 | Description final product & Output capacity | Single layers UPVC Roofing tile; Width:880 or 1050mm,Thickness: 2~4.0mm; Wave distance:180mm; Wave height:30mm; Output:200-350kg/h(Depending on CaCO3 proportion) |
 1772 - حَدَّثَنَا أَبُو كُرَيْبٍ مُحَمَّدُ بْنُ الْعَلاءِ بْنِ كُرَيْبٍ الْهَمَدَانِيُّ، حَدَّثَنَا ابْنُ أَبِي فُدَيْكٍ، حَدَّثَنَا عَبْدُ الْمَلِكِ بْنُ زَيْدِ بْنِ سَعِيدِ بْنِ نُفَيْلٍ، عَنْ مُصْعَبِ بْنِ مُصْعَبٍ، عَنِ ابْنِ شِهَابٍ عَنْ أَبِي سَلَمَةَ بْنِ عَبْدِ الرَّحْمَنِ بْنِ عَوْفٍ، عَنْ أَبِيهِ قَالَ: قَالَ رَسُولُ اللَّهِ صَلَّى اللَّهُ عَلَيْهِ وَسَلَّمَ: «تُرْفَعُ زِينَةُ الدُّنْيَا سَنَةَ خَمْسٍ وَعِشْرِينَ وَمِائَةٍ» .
--
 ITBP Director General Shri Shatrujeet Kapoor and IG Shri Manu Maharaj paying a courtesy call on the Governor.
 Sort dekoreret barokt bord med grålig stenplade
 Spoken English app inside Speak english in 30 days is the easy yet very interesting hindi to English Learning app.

### EXERCISE OBJECTIVE:
Everything above from the line containing "CaCO3 proportion) |" through the line containing "1772 - حَدَّثَنَا" must be copied exactly. Nothing outside that range belongs in the answer.

### EXERCISE RESPONSE:
 | Description final product & Output capacity | Single layers UPVC Roofing tile; Width:880 or 1050mm,Thickness: 2~4.0mm; Wave distance:180mm; Wave height:30mm; Output:200-350kg/h(Depending on CaCO3 proportion) |
 1772 - حَدَّثَنَا أَبُو كُرَيْبٍ مُحَمَّدُ بْنُ الْعَلاءِ بْنِ كُرَيْبٍ الْهَمَدَانِيُّ، حَدَّثَنَا ابْنُ أَبِي فُدَيْكٍ، حَدَّثَنَا عَبْدُ الْمَلِكِ بْنُ زَيْدِ بْنِ سَعِيدِ بْنِ نُفَيْلٍ، عَنْ مُصْعَبِ بْنِ مُصْعَبٍ، عَنِ ابْنِ شِهَابٍ عَنْ أَبِي سَلَمَةَ بْنِ عَبْدِ الرَّحْمَنِ بْنِ عَوْفٍ، عَنْ أَبِيهِ قَالَ: قَالَ رَسُولُ اللَّهِ صَلَّى اللَّهُ عَلَيْهِ وَسَلَّمَ: «تُرْفَعُ زِينَةُ الدُّنْيَا سَنَةَ خَمْسٍ وَعِشْرِينَ وَمِائَةٍ» .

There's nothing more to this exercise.